|
Klatki na sekundę Forum o filmach animowanych
|
Zobacz poprzedni temat :: Zobacz następny temat |
Autor |
Wiadomość |
Olla
Administrator
Dołączył: 27 Wrz 2010
Posty: 85
Przeczytał: 0 tematów
Ostrzeżeń: 0/5 Skąd: PL
|
Wysłany: Sob 20:30, 01 Paź 2011 Temat postu: Rock&Rule |
|
|
Rock&Rule 1983
KANADA
reżyseria: Clive A. Smith
scenariusz: John Halfpenny, Peter Sauder
zdjęcia: Lenora Hume
muzyka: Patricia Cullen
Akcja rozgrywa się w postapokaliptycznych Stanach Zjednoczonych. Ziemi nie zamieszkują już ludzie, tylko humanoidalne stworzenia, które powstały po ewolucji kotów, psów i szczurów. W mieście Ohmtown próbuje zabłysnąć dla szerszej publiczności mały zespół. Do tego właśnie miasta przybywa Mok, gwiazda rocka stojąca na samym szczycie muzycznego przemysłu; planuje wywołać demona z innego wymiaru w okrutnym i sobie tylko wiadomym celu, do czego potrzebuje, jak wynikło z badań Moka, "jedynego głosu". Traf chce, że tym głosem jest obdarzona wokalistka małego zespołu. Wiadomo, co następuje dalej - propozycja światowej sławy, rozterki, widmo rozpadu zespołu, kłótnie zakochanych, i co tam jeszcze... aha, ratowanie świata przed zagrażającym mu Zuem z Zaświatów.

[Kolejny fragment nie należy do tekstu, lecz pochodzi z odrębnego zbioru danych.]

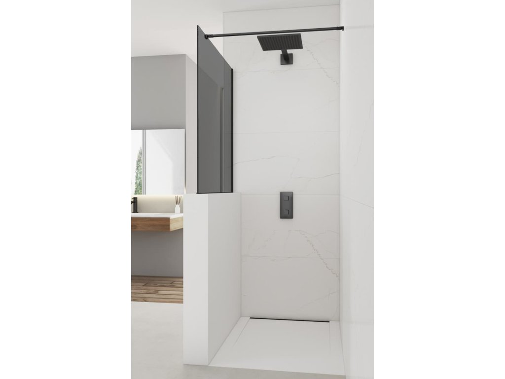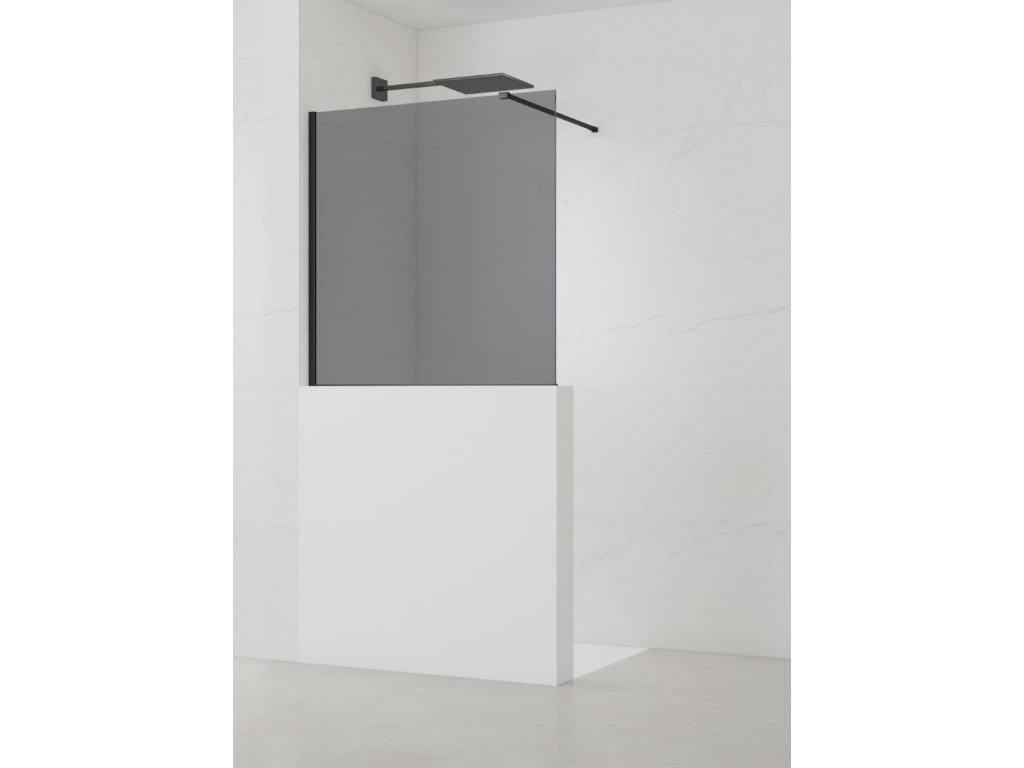 Sprchová zástěna walk-in s profily a zavětrováním v černé barvěa má dekor kouřového efektu a má dekor kouřového efektu. Produkt je opatřen povrchovou úpravou Easy Clean, která usnadňuje čistění a minimalizuje usazování vodního kamene. Nelze otevřít - pevný systém. Určení - levá i pravá orientace. ZÁRUKA 5 LET, dostupnost náhradních dílů 10 LET.Doplňkové parametry
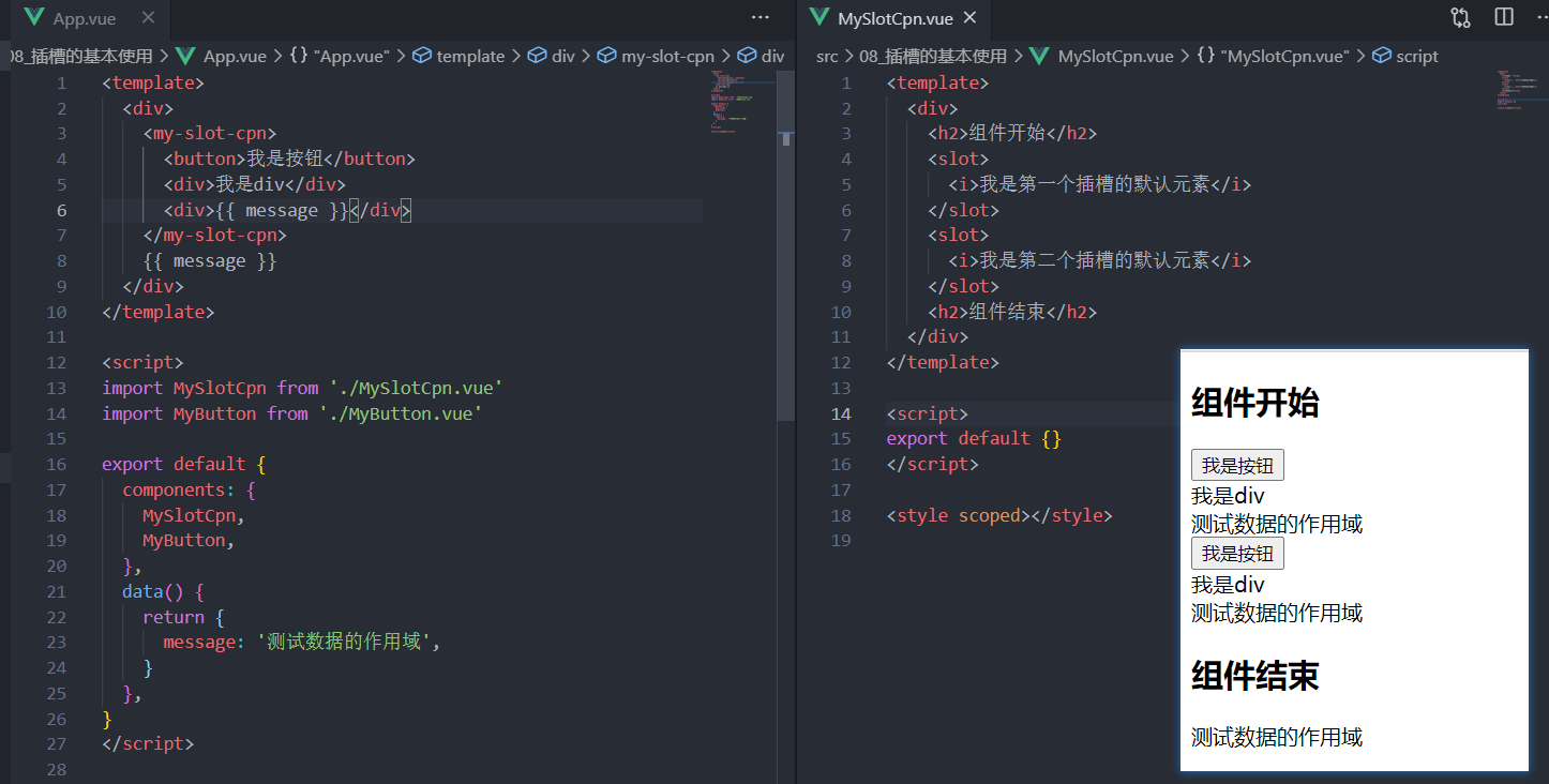 - 父组件:<template v-slot:left> <button>左边的按钮</button> </template>,可以简写:<template #left> <button>左边的按钮</button> </template>
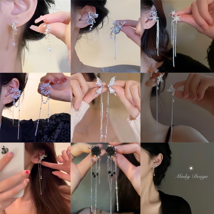 2025年新作 蝶々フリンジイヤリング レディース INS風 清新 高級感 気質 多彩なスタイル フリンジイヤリング 女性用
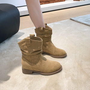 小个子堆堆靴女春秋2025新款内增高西部牛仔靴单靴时尚百搭马丁靴
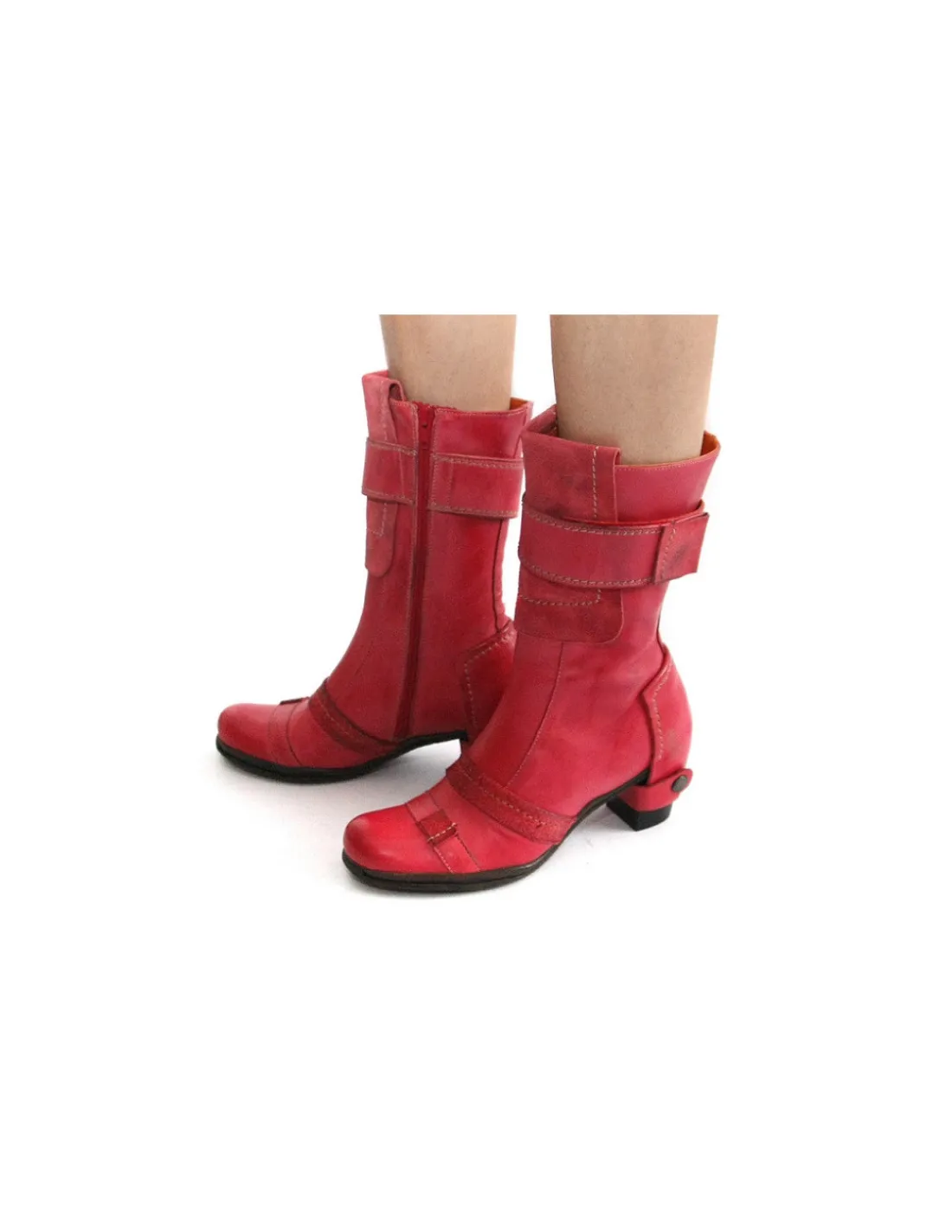 Te unikatowe, stylowe botki (lub jak ktoś woli kozaki 3/4) wykonano z połączenia skóry licowej z zamszowymi wstawkami, a wszystko to w głębokim kolorze koralowym, malinowym. Dla osiągnięcia efektu vintage skóry delikatnie patynowano. Zdecydowanie polecamy osobom ceniącym niepowtarzalny, oryginalny styl w modzie. Wyjątkowe w krótkiej, limitowanej serii. Bo przecież jesień i zima nie muszą być szare. Więc kto tęskni za kolorem, proszę bardzo!
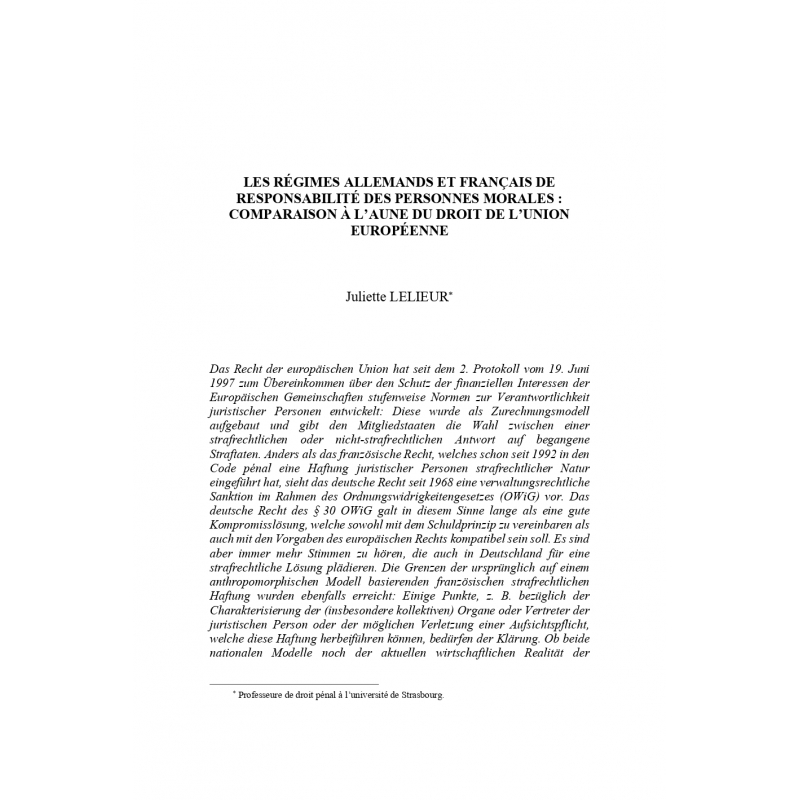Les régimes allemands et français de responsabilité des personnes morales - LELIEUR
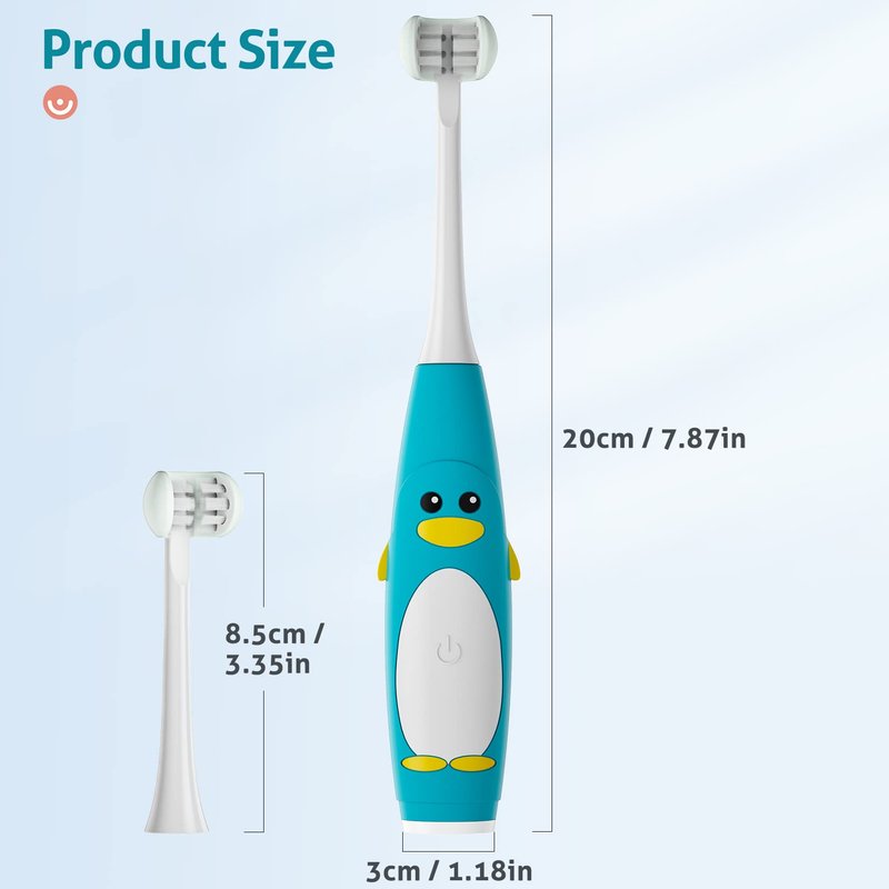 - 5 Adjustable Modes & Smart Timer: Our 3 sides kids toothbrush has 5 different operating frequencies, 28000VPM-32000VPM. Built in timer, with 2 minutes automatic shutdown function, Small vibrations in the process to remind kids to change the brushing area each 30 seconds.
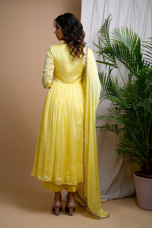 YELLOW CHIFFON ANARKALI SET (SET OF 3)
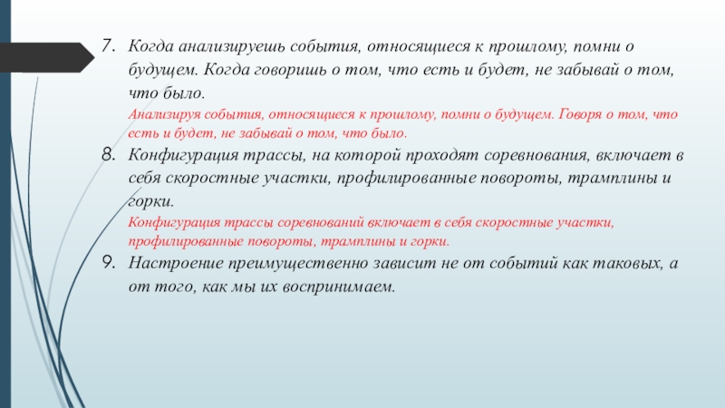 Слайд 12Когда анализируешь события, относящиеся к прошлому, помни о будущем. Когда говоришь
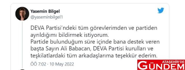 DEVA Dışişleri ve Güvenlik Politikaları Başkanı Yasemin Bilgel, sosyal medya hesabından yaptığı açıklamayla partiden istifa ettiğini duyurdu.
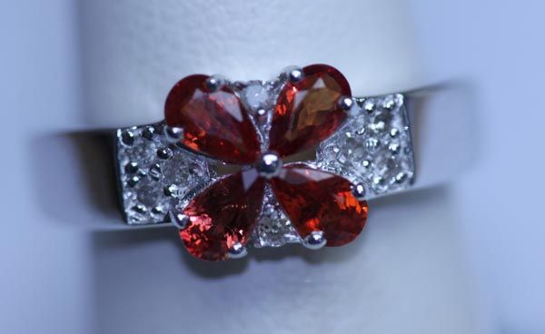 15.90 CTW ORANGE SAPPHIRE AND DIAMOND RING .925 STERLIN **|**|** 15.90 CTW ORANGE SAPPHIRE AND DIAMOND RING .925 STERLING SILVER; CENTERSTONE 0.97 CTW; DIAMOND 0.11 CTW ; MSRP: $750
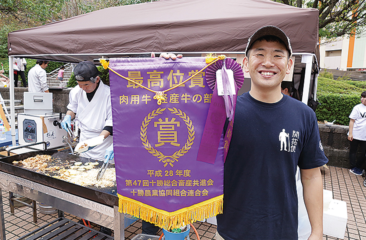 最終日の8日に、ひときわ長い行列が出来ていたのが「けいの家八王子本店」(明神町)。250食用意した「十勝和牛焼き八王子小比企野菜添え」は2時間で完売。急きょ豚トロ炒めを用意したものの再び完売。さらに豚キムチ炒めを追加して場をつないだという。店主の北澤秀彦さん=写真=は「十勝でも最高位賞をとった和牛なので味は間違いなし」と話した。他にも昼過ぎ頃には完売するブースがあり、イベントへの関心の高さを伺わせた。

W tym filmowym przedsięwzięciu uczestniczyło kilka gwiazd, np. Mokowi głosu użyczył Lou Reed, a powierzchowności Iggy Pop. Angel śpiewa głosem Debbie Harry. Nie trzeba więc wspominać, że pod względem muzyki film się prezentuje co najmniej nieźle (jeśli oczywiście ktoś gustuje w takich dźwiękach). Całość to wg mnie jeden z najlepszych pełnometrażowych filmów animowanych, jakie powstały. Pierwszorzędne zdjęcia, postaci (zwłaszcza pod względem mimiki twarzy) tak się ruszają, że niech Bakshi schowa te swoje odrysowywanki ze zdjęć. Dużą rolę gra samo otoczenie, bo żyje prawie tak, jak i postaci; czasem przechodzi w całkiem ciekawą abstrakcję.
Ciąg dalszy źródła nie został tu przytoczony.